What Are Rheumatic Diseases and What Is Arthritis?
There are more than 100 rheumatic diseases. These diseases may cause pain, stiffness, and swelling in joints and other supporting structures of the body such as muscles, tendons, ligaments, and bones. Some rheumatic diseases can also affect other parts of the body, including various internal organs.
Many people use the word arthritis to refer to all rheumatic diseases. However, the word literally means joint inflammation; that is, swelling, redness, heat, and pain caused by tissue injury or disease in the joint. The many different kinds of arthritis comprise just a portion of the rheumatic diseases. Some rheumatic diseases are described as connective tissue diseases because they affect the body’s connective tissue the supporting framework of the body and its internal organs. Others are known as autoimmune diseases because they are caused by a problem in which the immune system harms the body’s own healthy tissues.
Who Is Affected by Arthritis and Rheumatic Conditions?
An estimated 40 million people in the United States have arthritis or other rheumatic conditions. By the year 2020, this number is expected to reach 59 million. Rheumatic diseases are the leading cause of disability among adults age 65 and older.
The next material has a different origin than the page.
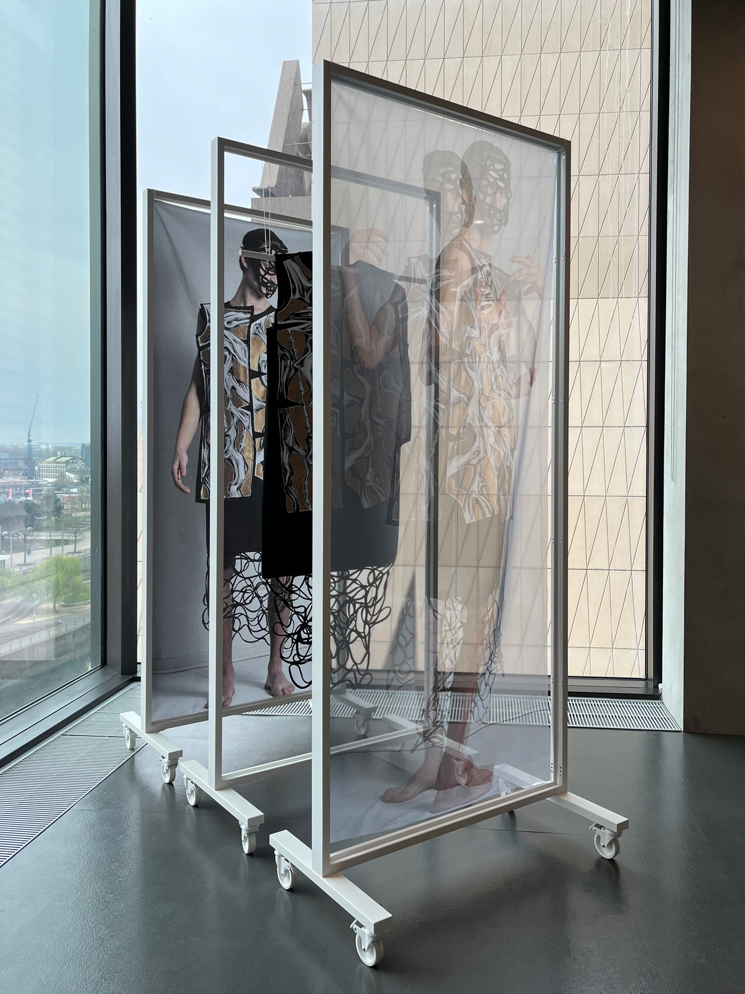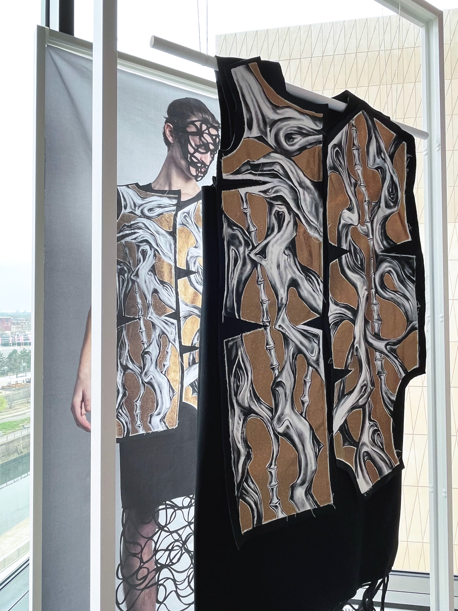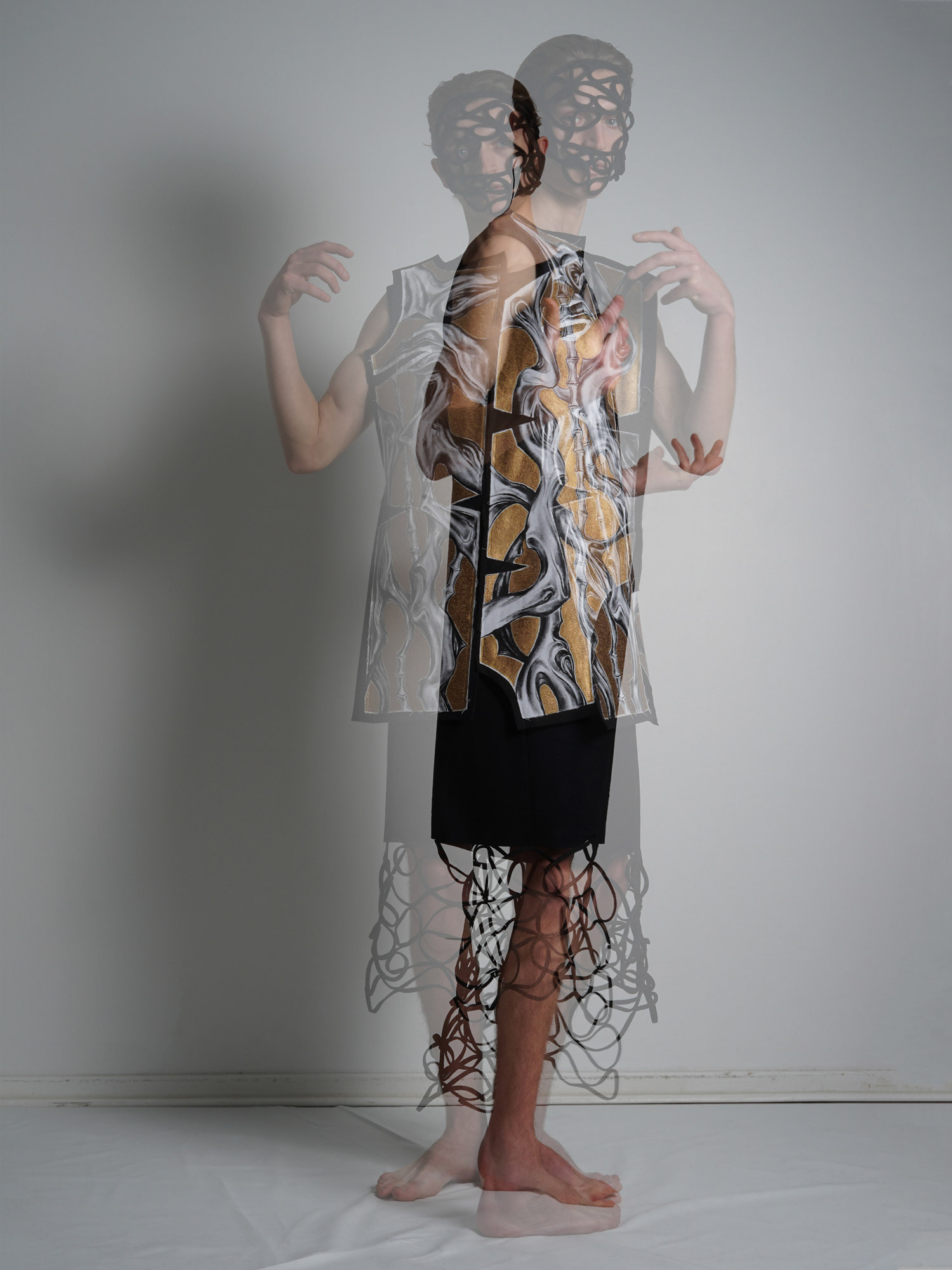 Corporeal Flux is a practice-based research project that explores the refugee experience and healing through collaborative creative practice. The installation includes wearable art by Zoran Dobric and suspended photographic prints of the piece by Stephen Severn. The garment is informed by Dobric’s refugee experience when he fled the war in the former Yugoslavia. Dobric expresses these disturbing memories through hand-painted abstracted morphing bodies that represent physical and cultural displacement. The photographs by Severn present these memories and experiences as a fluid search for self- realization through community.
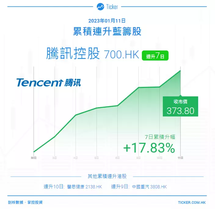 騰訊(00700)連升7天,累升17.83%,今日升3.15%,報373.8元,成交33.42億居首。

Rheumatic diseases affect people of all races and ages. Some rheumatic conditions are more common among certain populations. For example:
- Rheumatoid arthritis occurs two to three times more often in women than in men.
- Scleroderma is more common in women than in men.
- Nine out of 10 people who have lupus are women.
- Nine out of 10 people who have fibromyalgia are women.
- Gout is more common in men than in women.
- Lupus is three times more common in African-American women than in Caucasian women.
- Ankylosing spondylitis is more common in men than in women.